If the national court were to conclude that the terms defined the main subject matter of the contract, the assessment of their unfairness would only be precluded if they were written in plain, intelligible language. In this context, the Court of Justice emphasised that this requirement was not limited to clarity and comprehensibility from a formal and purely grammatical aspect, but that the loan agreement must also transparently indicate the reason and manner in which foreign currency is converted. It is thus for the national court to determine whether, based on advertising and information provided by the bank during the negotiation of the loan agreement, a reasonably well-informed, reasonably observant and circumspect consumer could not only have learned there was a difference between the buying and selling exchange rate of the foreign currency, but also judge what impact the use of the selling exchange rate would have on determining loan instalments and the total costs of the loan.

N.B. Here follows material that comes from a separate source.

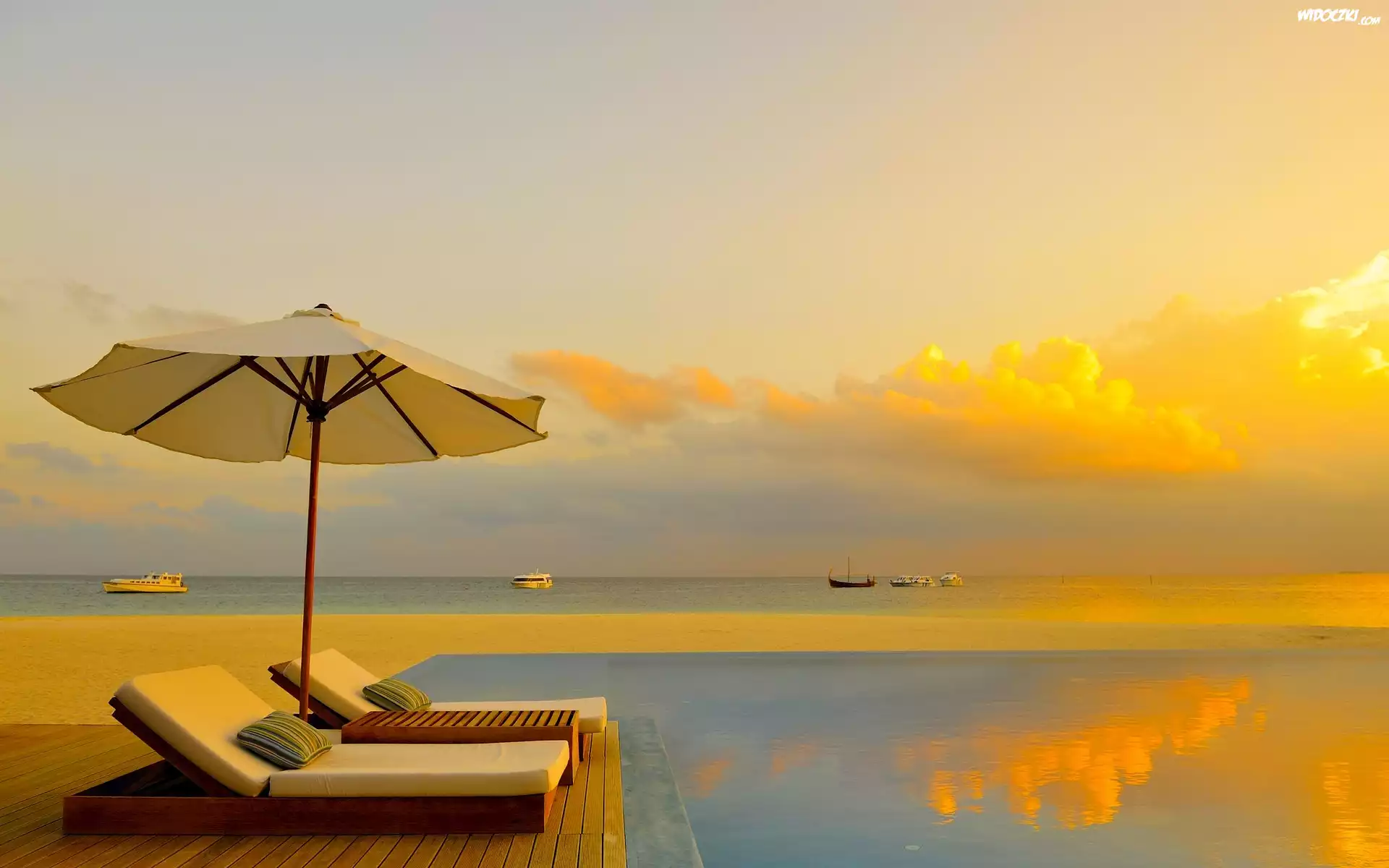 Zdjęcia, Morze, Leżaki, Parasol, Wakacje

Based on the above findings by the Court of Justice, it can therefore be concluded that the terms in question will probably be interpreted by the national courts as terms governing the main subject matter of the contract, as they govern the consumers’ obligation to repay the loan and pay interest and other fees.

To assess the unfairness of these terms, it will be crucial to assess whether the consumer was duly acquainted with the difference between the selling and buying exchange rate of the foreign currency before concluding the contract, and whether they could have properly judged the consequences of using the different exchange rates for the provision of the loan and its repayment. If the consumer did not receive this information, it is highly probable that the court will consider such terms to be unfair, and in extreme cases may declare the entire loan agreement as invalid.

Therefore, if a lender is considering the provision of a loan denominated in a foreign currency and intends to use different exchange rates to determine the amount of the loan and its repayment, it should pay special attention to communication with the consumer, so that it can demonstrably show the consumer was clearly and comprehensibly informed of the implications that the use of the different exchange rates would have for the consumer’s loan. This can be achieved by providing written information that is signed by the consumer or information over the phone captured on a recording.